Dropped $2k on prediction algorithms three years ago. Big mistake. One promised 78% accuracy, another claimed machine learning would make me rich.
They worked for 2-3 weeks, then bled money fast. It’s not just volatility spikes - these things can’t adapt when currency relationships shift.
EUR/USD follows oil for months, then suddenly doesn’t. Your algo keeps trading the old pattern while you’re getting stopped out over and over.
Worst part? They make you overconfident. Few winning trades and you think you’ve cracked the code. Then one bad week kills months of small gains.
I stick to price action and basic indicators now. Way more reliable than any fancy algorithm. Want automation? Use simple EAs with clear rules, not prediction systems trying to outsmart the market.

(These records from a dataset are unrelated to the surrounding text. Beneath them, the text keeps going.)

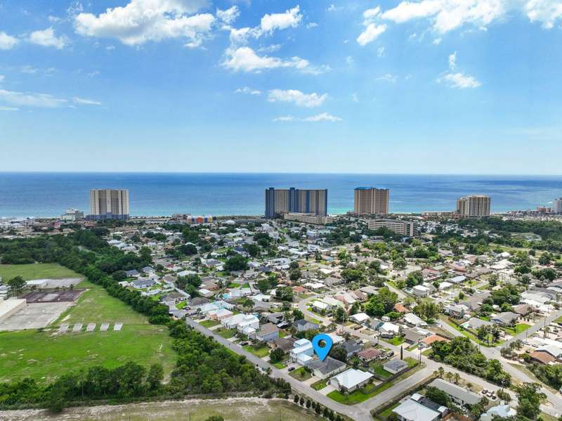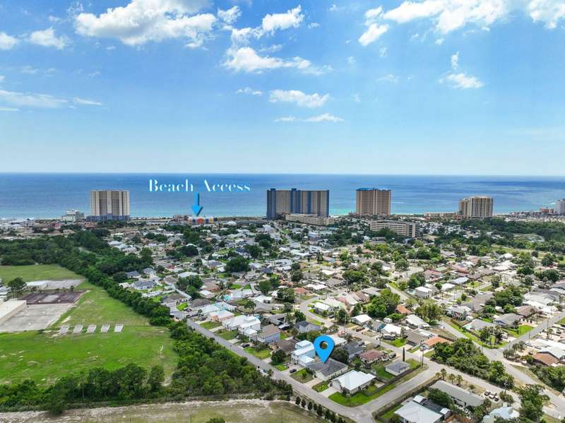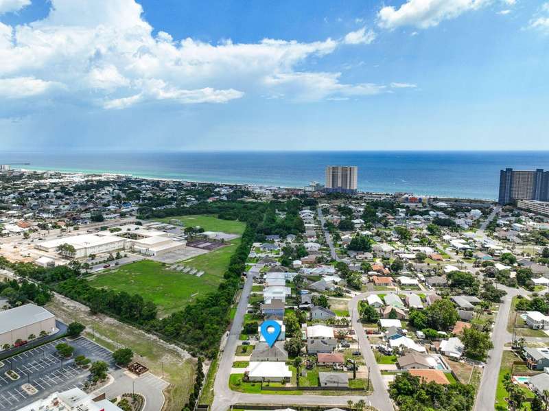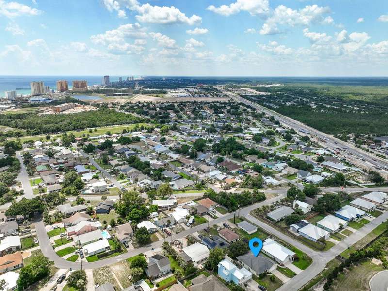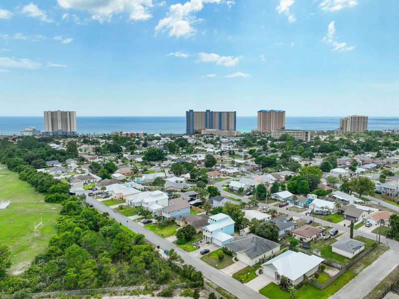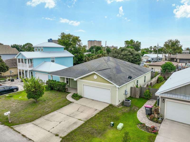 Charming Beach Cottage south of 98 at a great price! This home is a short walk to the beautiful white sand and emerald water in a quiet no short term rental community with no HOA fees, making this a perfect primary residence or second home. Very close and convenient to the many shops and restaurants in Pier Park, favorite restaurants on Front Beach Rd like Runaway Island and Local Steamer, and to other local attractions like Top Golf. Great room is open concept for entertaining and relaxing. Kitchen has stainless appliances, granite counters, and nice cabinetry with plenty of storage. The Primary has an en suite bath and a walk in closet. Outside you have a fenced backyard and a covered patio perfect for kids or pets and the opportunity to make it an outdoor oasis. See it today!
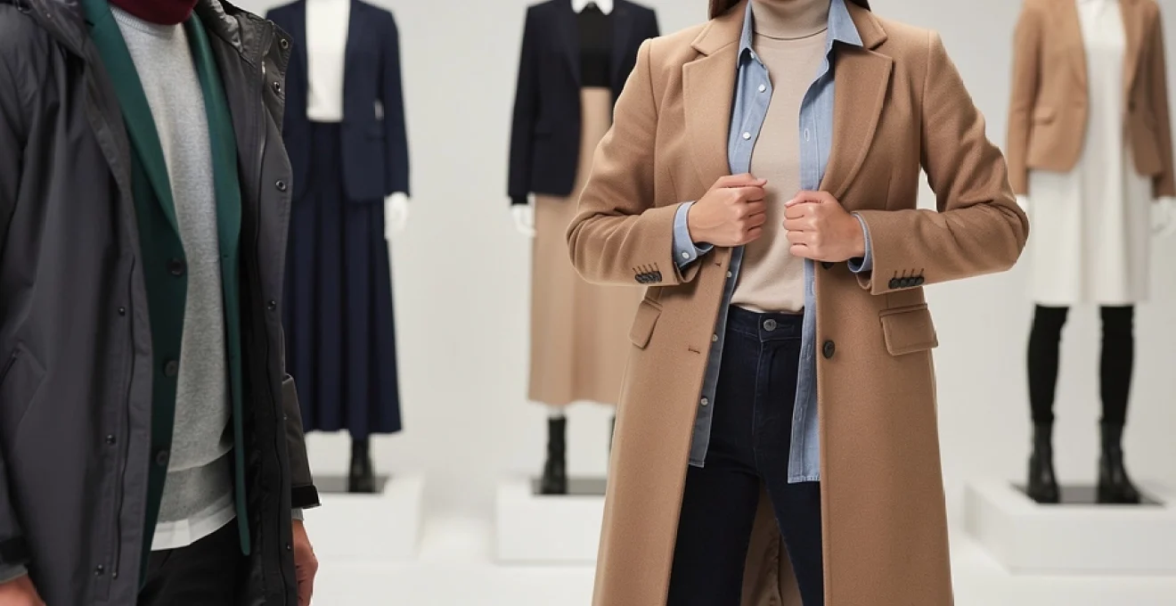 Your outer layer serves dual purposes: it must protect you from the elements whilst framing the entire composition of your outfit. Wool blends, particularly those combining wool with synthetic fibres like polyester or nylon, offer durability and weather resistance without sacrificing the natural breathability of pure wool. These blends typically maintain their shape better over time and resist pilling—that frustrating formation of small fabric balls that can make garments appear worn.
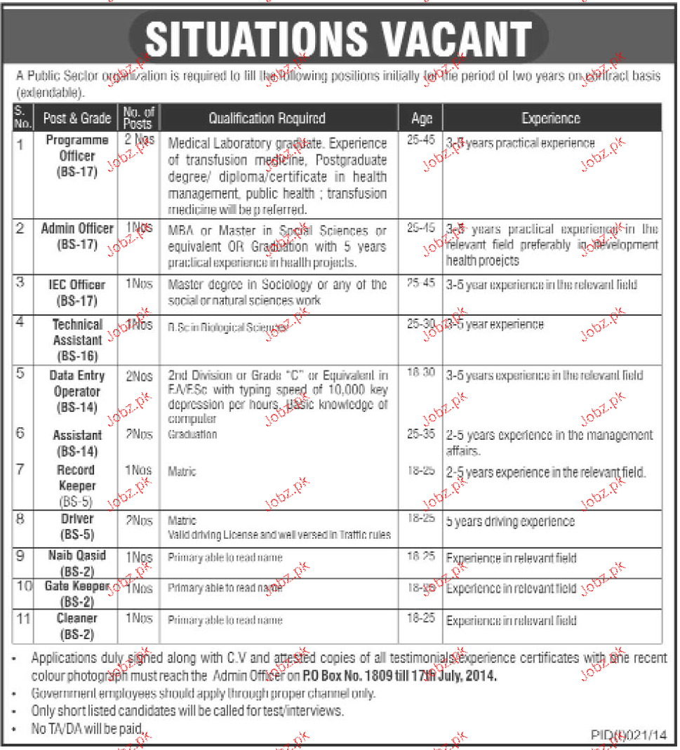 Apply as per details in job advertisement. Login to view further details of how to apply via https://www.jobz.pk online.

I’ve tested several prediction algos over the years. Most fall apart when markets get choppy. Sure, backtests look great - they’re trained on data they’ve already seen.
Ran one system for 6 months that showed 85% win rate in backtests. Real performance? Maybe 60%, and losses hit way harder than expected during news events or major economic announcements.
These systems can’t handle sudden market shifts. They’re decent during stable trends but get wrecked on reversals or unexpected central bank moves.
Want to test one? Start with tiny positions and track everything manually for at least 3 months before risking real money. Every successful algo trader I know combines automated systems with manual oversight - never goes full auto.
The gap between backtest and live performance? Curve fitting. Most algos just optimize for past patterns that won’t repeat exactly. Real trading hits you with slippage, spreads that blow out during news, and broker delays. Your backtest assumes perfect fills at exact prices - good luck with that. I’ve watched traders lose months of algo profits in a single volatile week. These systems work until they don’t, and when they break, they break hard. Better move: use algos as one input, not the final call. Always keep manual override ready.
Prediction algorithms perform okay until the market shifts unexpectedly. They can show good results most times, but when volatility increases, losses can happen. It’s best to use them alongside other indicators for better trading decisions.